Глава 7. В день концерта все были на взводе, особенно Герман, чей и без того взрывной характер

В день концерта все были на взводе, особенно Герман, чей и без того взрывной характер трансформировался в локальный Везувий. До концерта Максу запретили пить, курить и дышать, ибо вредно для голоса. Впрочем, на два последних пункта потом махнули рукой, иначе им не видать живого вокалиста. Воронёнок по десять раз обзванивал всю группу, громко матерясь, чтобы проверить боеготовность участников.
– При первой же возможности свалю все обязанности на менеджера, – заявил он, чуть не разбив телефон.
– Что там опять? – спросил Макс.
– Лукреция ноет, что не успевает дошить платье. Я посоветовал ей запилить его булавками, всё равно на один раз. Короче, хрен знает, что у нас получится.
Макс удалился подальше от эпицентра стихийного бедствия. Он сам поражался своему спокойствию, накрывавшему его лёгкой волной блаженства. Сегодня он выступит на сцене, и больше уже ничего не надо. Макс спрятался в комнате Элис наедине с проигрывателем и записями Сальери. Где-то ближе к вечеру его всё же выволокли из укрытия.
– За нами скоро приедут. Хватай концертное барахло и возвращайся в мир живых, – сказал Герман, стоя в дверях.
– А я тут подумал: не мог Сальери отравить Моцарта, он был слишком самодостаточен для этого, – ответил Макс невпопад и пошёл собираться.
Мыслями он был уже далеко не здесь, а где-то в мире своих песен. Сегодня видения столь плотно объяли его, что было трудно различить контуры обоих миров. Мир грязи и мир мёртвых цветов шли рука об руку. Оба они были отвратительны и уродливы. Но в любой красоте прозревает зерно уродства. Красота в чистом виде безлика, как лист бумаги.
– Ты сегодня что, принял чего-то? – спросил Герман, пока они ехали в машине.
Макс только покачал головой, разглядывая капли дождя, ползущие по стеклу. В окна светил город. Такой ненавистный и любимый, как слишком горькое питьё или переслащённая отрава. И он был прекрасен, как целый мир, даже с трезвых глаз.

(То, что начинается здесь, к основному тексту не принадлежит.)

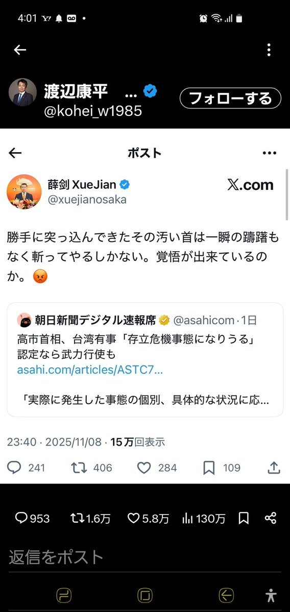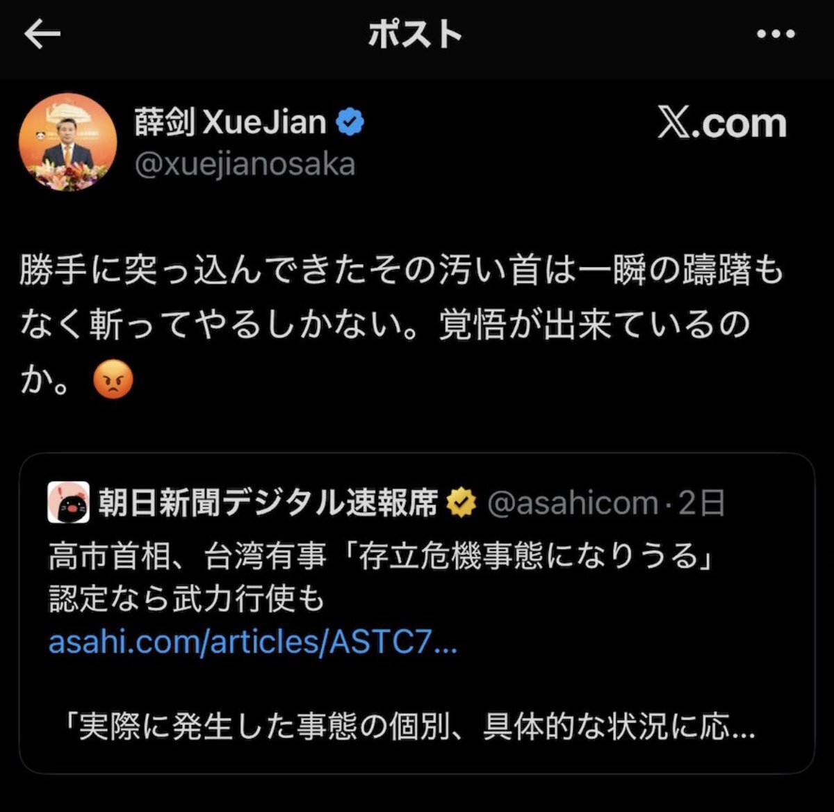 #投稿の中国総領事 今の時代は消去してもデジタルタトゥーとして拡散される。発信内容は殺人予告とも取れる内容で悪質だな日本として中国大使とは認め無いと拒否権発動での国外追放で良いと思う。 pic.x.com/ILlFcbNmFS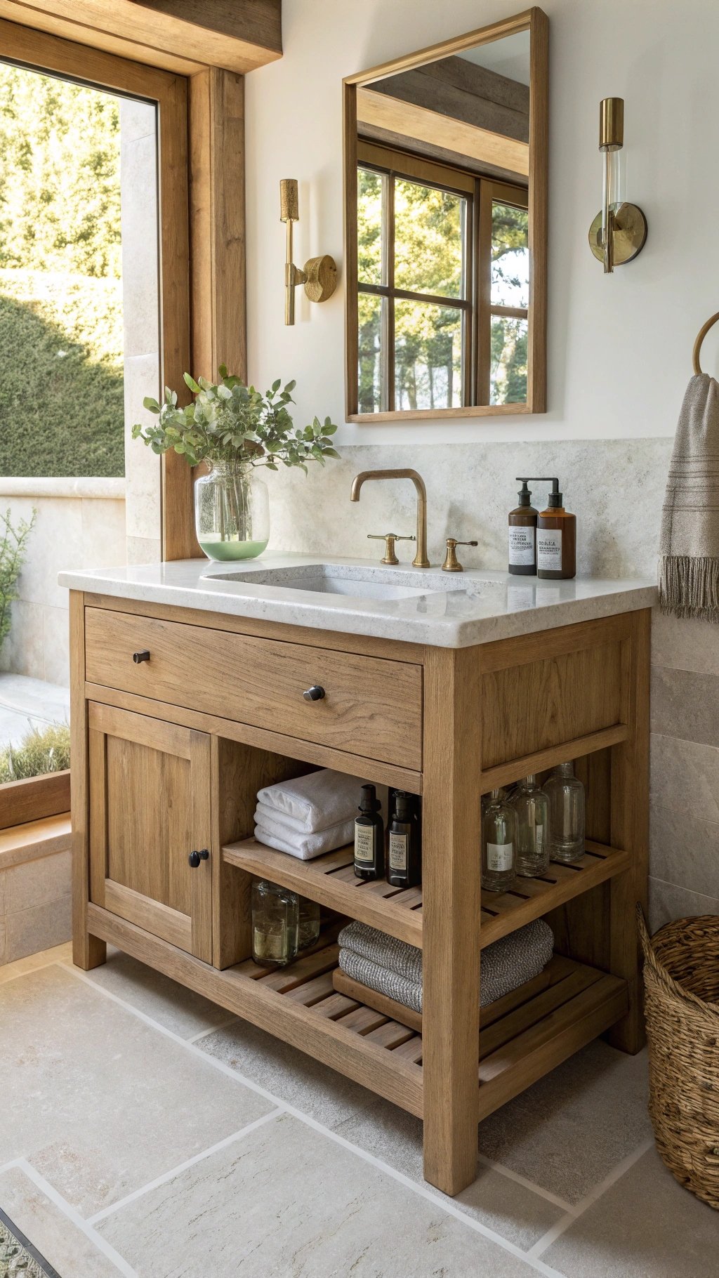Let the story show. Use a reclaimed shelf with visible joinery, labeled refill bottles in a niche, and a brass tap that will age gracefully.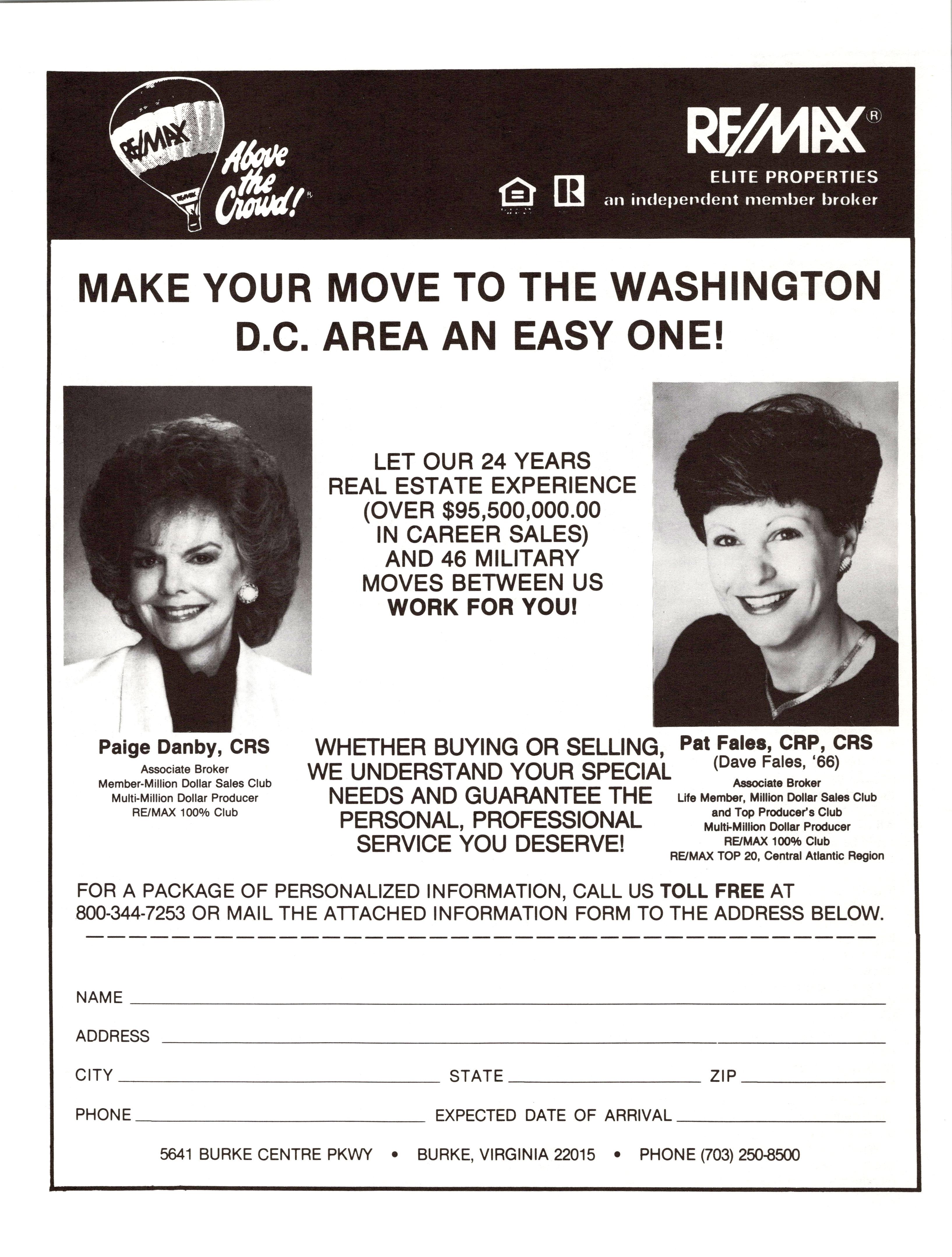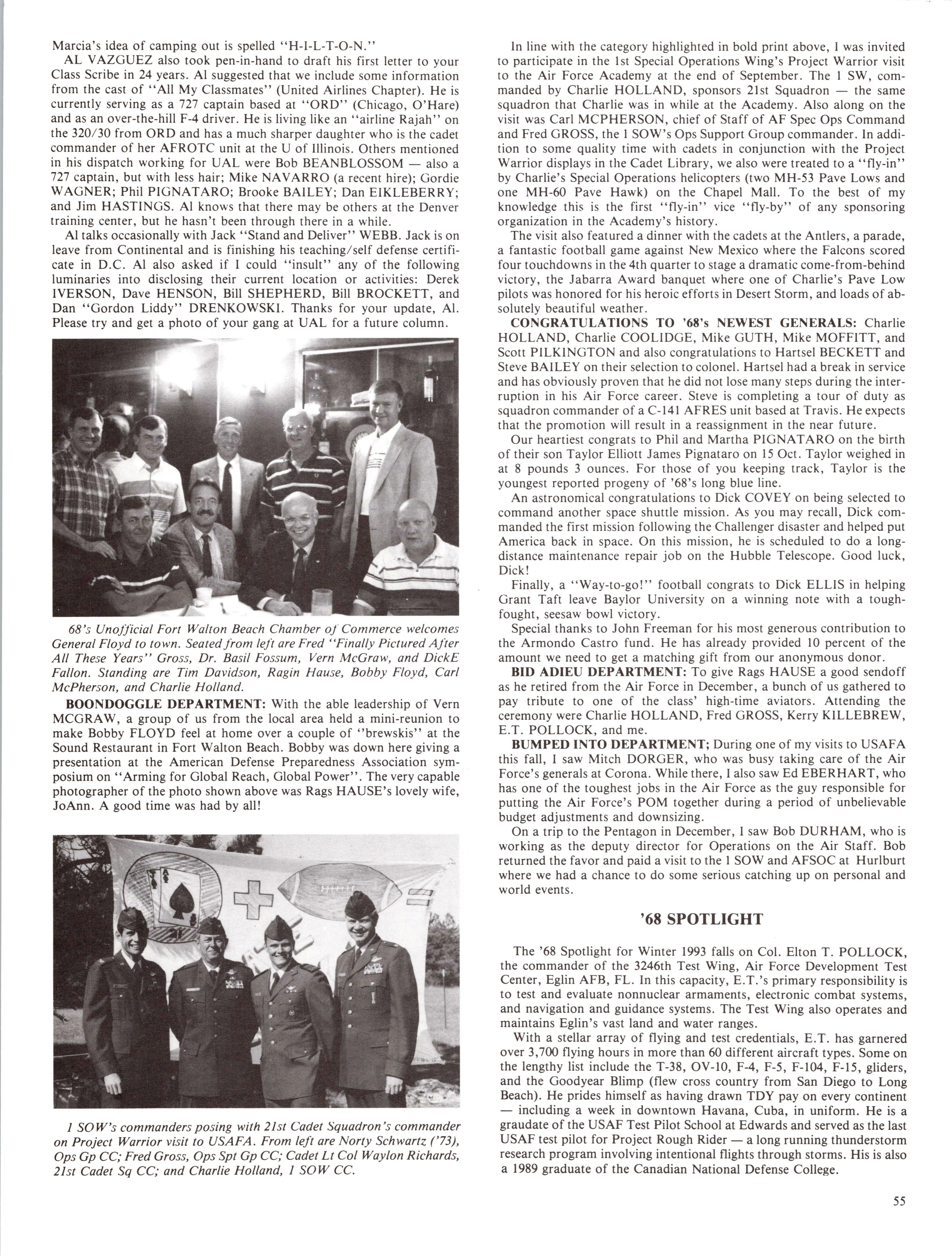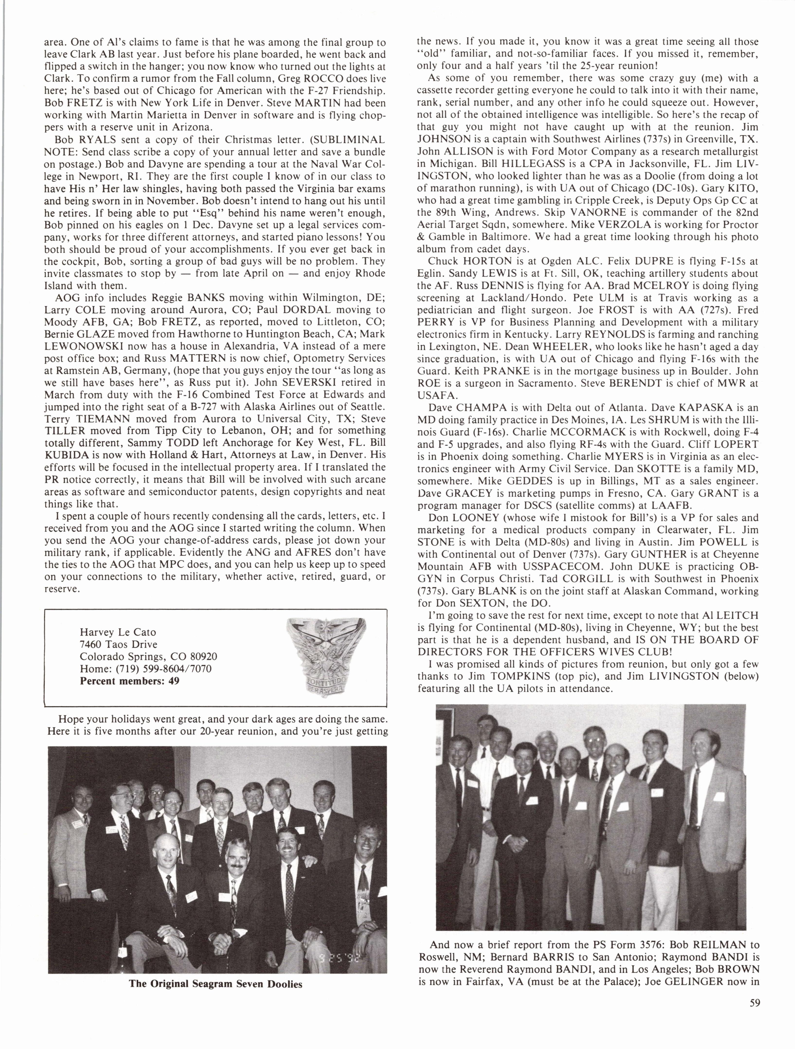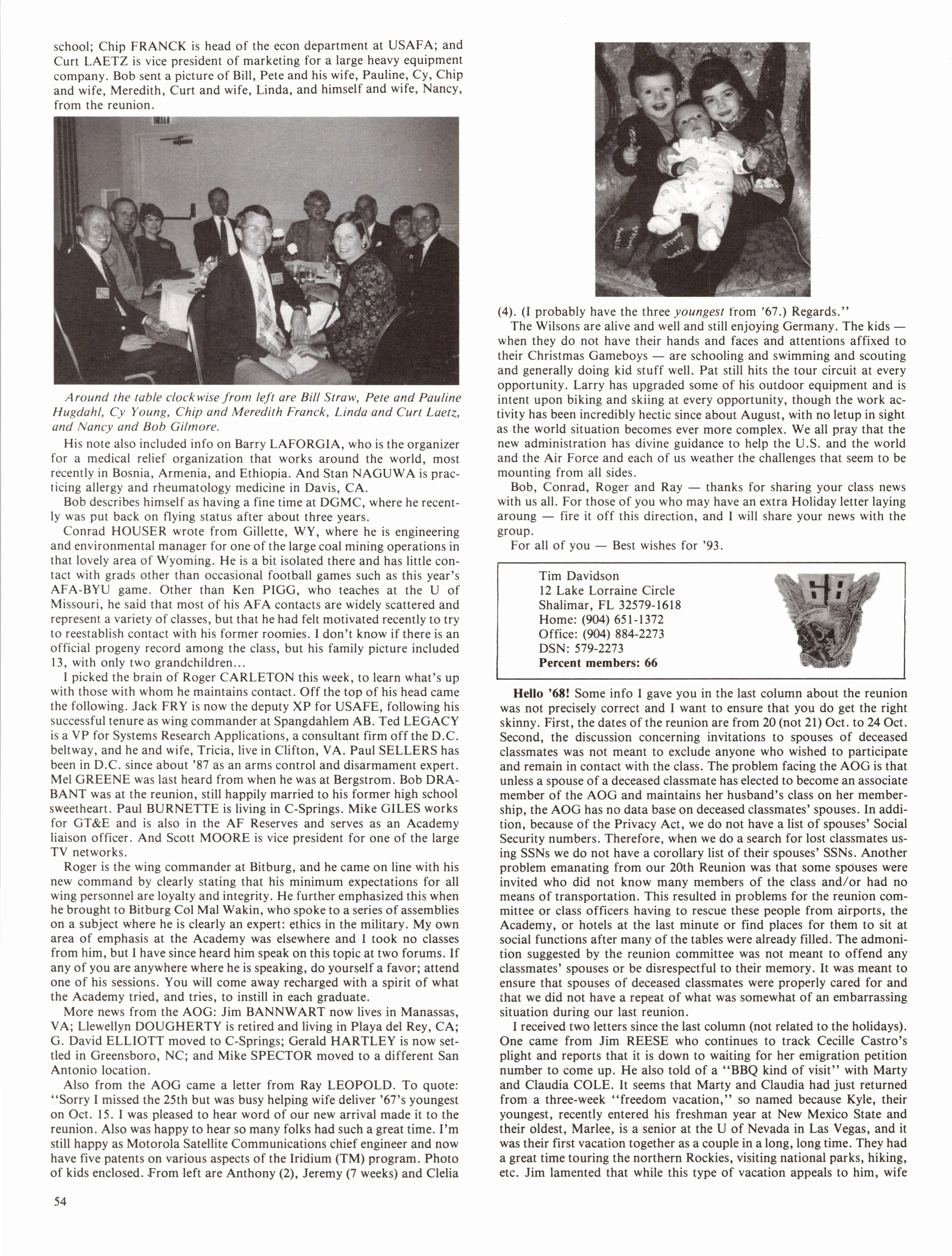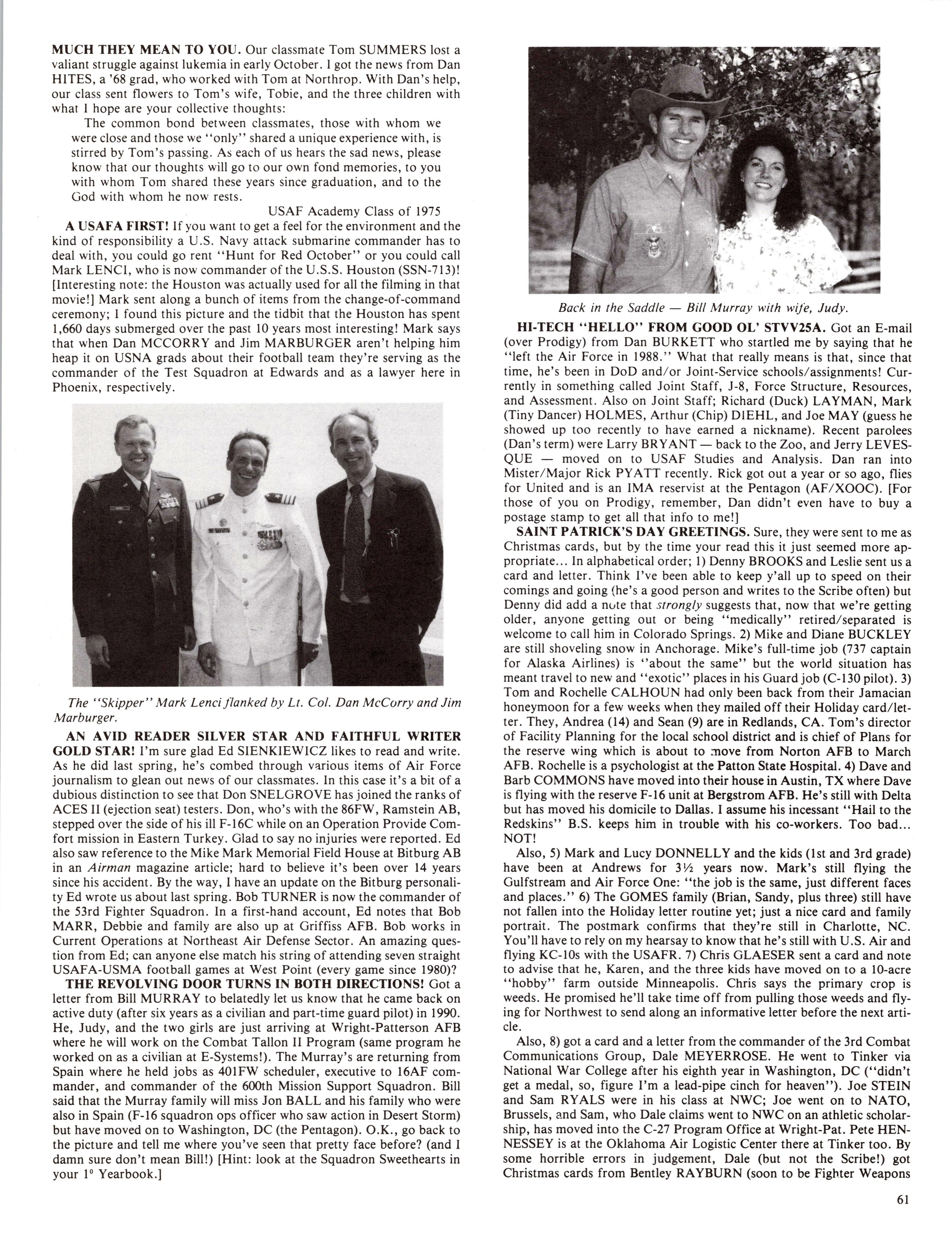Todd visited Vince WILD and his wife, Tracey, at Pope AFB. They recently bought a home for the family, and Todd says Vince continues to amaze him with his BBQing skills. Vince saw Will REESE while TDY in Upper Heyford. Will flies F-l 1 Is and is a proud husband and father of a beautiful boy. While in Colorado attending his brother’s graduation, Todd saw Mark SLIMKO. Mark flies C-21s at Peterson and helps out with the Academy B-Ball team. He is marrying long-time sweetheart Dana next summer. Other grads Todd saw at graduation include Pete “Polio” SMITH, flying A-lOs at Shaw; Beth (WHITMAN) BOYUM: Joe MATCHETTE, flying F-16s in Osan with Miles DEMAYO, Doug NIKOLAI, Eric MURPHY, Matt CHESNUTT, and Mike HOHLS; Jim FAIN (’90); and Blake WALLER (’90), banked F-16 pilot.

– Знаешь, как выглядели клубы в моём городе? – начал он, не поворачиваясь к Герману. – Это был какой-то советский ДК колхозника или кинотеатр тех же годов. Место с обшарпанными стульями и стёсанными ступенями. Там всегда пахло побелкой и пылью. Этот запах было не переглушить даже сигаретами, пивом и потом. И я ходил туда, чтобы один день из моей жизни не был похож на другой. И мне было наплевать на качество звука. Я бы мог напиваться и под жужжание бензопилы.
– Тут получше. Только всё равно шлак, – коротко ответил Герман.
Они снова погрузились в молчание. Машина летела сквозь вечернюю демоническую Москву, сливаясь с общим потоком разноцветного огня. Макс выводил пальцем на стекле узоры из ломаных линий. Герман гладил чехол гитары, которую не позволил запихнуть а багажник.
– Знаешь, а я всё ещё боюсь... – начал Макс.
– Выступления? – спросил Герман. – Мы все его боимся.
– Да не ссыте вы, – отозвался с водительского сиденья барабанщик, делая резкий поворот.
– Нет, я о вчерашнем, – Макс перешёл на шёпот. – Вдруг он подстерегает меня, чтобы отпилить мне ноги.
– Прекрати ты. После того, как я набил татуировку, мне снилось, что ворон выклёвывает мои глаза и относит на могилу глухого музыканта, и только потом осознаёт, что глаза ему не нужны. У каждого есть свои страхи. Они тоже должны быть источниками вдохновения, как и всё, что мы видим вокруг.
Спустя двадцать минут они оказались у клуба. Дождь всё так же накрапывал с неба, напоминая китайскую пытку. Герман поздоровался за руку с охраной, спросил об общих знакомых и почти искренне улыбался. Потом они искали директора, который обнаружился в баре. Одна из команд уже начала саундчек. Макс пожалел, что не взял с собой беруши. Волны чужой музыки нарушали его хлипкую гармонию в голове.
– Борис, знакомься, это наш новый вокалист. Настоящий гений, если не лажает, – Герман представил его бородатому мужчине в футболке с эмблемой клуба. Максу пришлось пожать его ладонь, крупную и сухую.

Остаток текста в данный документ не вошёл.